Metabolic acidosis is a common presenting or coincident feature of many inherited metabolic diseases. In some cases, the acidosis is persistent, though so mild that the generally recognized clinical signs, such as tachypnea, are absent or so subtle that they are missed. In other cases, the patient presents with an episode of acute, severe, even life-threatening, acidosis, and the underlying persistence of the condition is only recognized after resolution of the acute episode. Diagnostically, the most frustrating presentation is infrequent bouts of recurrent, acute acidosis separated by long intervals of apparent good health during which diagnostic tests show no significant abnormality. This is a particularly challenging situation.
Buffers, ventilation, and the kidney
The hydrogen ion concentration, [H+], of body fluids is maintained within very narrow limits by a combination of buffers, acting immediately, pulmonary ventilation to restore the capacity of blood buffers, and renal mechanisms to eliminate excess H+.
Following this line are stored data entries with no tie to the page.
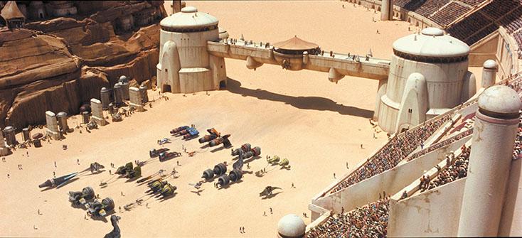Qui-Gon, Jar Jar, R2-D2 y Padme, la doncella de la reina por peticion de esta, visitan el asentamiento de Mos Espa para comprar las piezas para su hiperimpulsor.
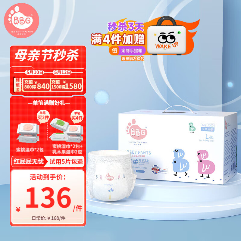 BBG蓝芯羽柔奢护拉拉裤XXXXL码32片(≥18kg)尿不湿成长裤鲸吸瞬干价格:155.00元!
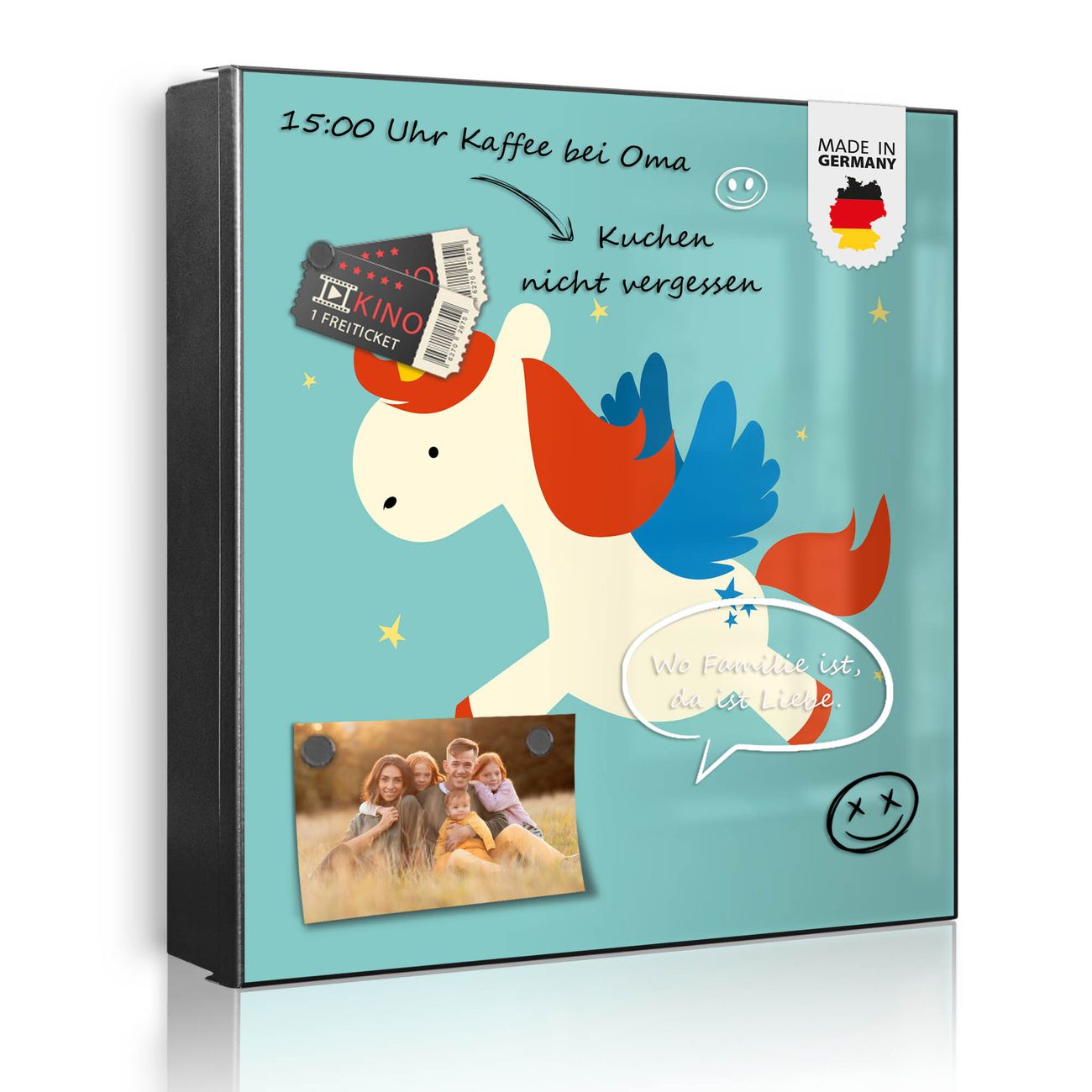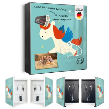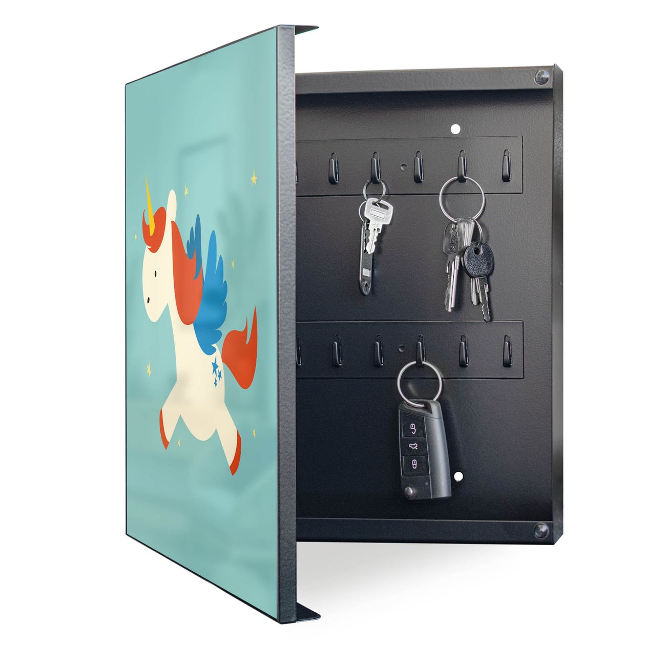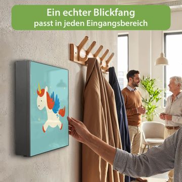 Bringe Ordnung und Eleganz in deinen Eingangsbereich mit dem banjado Schlüsselkasten Motiv Motiv Kleines Einhorn. Die moderne Schlüsselbox kombiniert funktionales Design mit hochwertiger Verarbeitung und wird so zu einem echten Hingucker in Flur, Büro oder Ferienwohnung. ✅ Stilvolle Schlüsselaufbewahrung mit Motiv Motiv Kleines Einhorn Der Design-Schlüsselkasten Motiv Motiv Kleines Einhorn bietet Platz für bis zu 32 Schlüssel, die auf 4 stabilen Reihen mit je 8 Haken übersichtlich verstaut werden. Mit seinen kompakten Maßen von 30 x 30 x 5 cm passt die Schlüsselbox perfekt auch in kleinere Räume. Der schwarz lackierte Stahlkorpus mit links angeschlagenem Türscharnier harmoniert mit gedruckten Folie auf der Front und fügt sich nahtlos in jedes Wohnambiente ein. Ob als Schlüsselorganizer für Zuhause oder als praktische Lösung für Büros, Praxen und Gewerbe, der banjado Schlüsselkasten sorgt für Ordnung und Übersicht. Dank der magnetischen, mit Kreidestiften beschreibbaren Folie auf der Front kannst du Notizen anheften oder Termine direkt auf der Oberfläche festhalten. Die Schlüsselbox Motiv Motiv Kleines Einhorn zur Wandmontage wird inklusive Befestigungsmaterial geliefert und ist schnell angebracht. So hast du deine Schlüssel jederzeit griffbereit und zugleich stilvoll verstaut. Mit diesem banjado Schlüsselkasten Motiv Motiv Kleines Einhorn kombinierst du praktische Aufbewahrung mit stilvollem Wohndesign. Ob privat oder geschäftlich, die Schlüsselbox sorgt für mehr Ordnung, Übersicht und ein wohnliches Ambiente.Vorteile im Überblick

Quantitatively, the most important buffers in blood are the proteins, both the plasma proteins and hemoglobin. Alterations in the concentrations of these proteins, particularly hemoglobin, may seriously compromise the capacity of the body to cope with sudden accumulation of acid. The buffering contributed by the equilibrium between HCO3− and H2CO3 is important because the capacity of the system is rapidly restored by elimination of H2CO3 through conversion to CO2 and expulsion of the excess CO2 by increased pulmonary ventilation.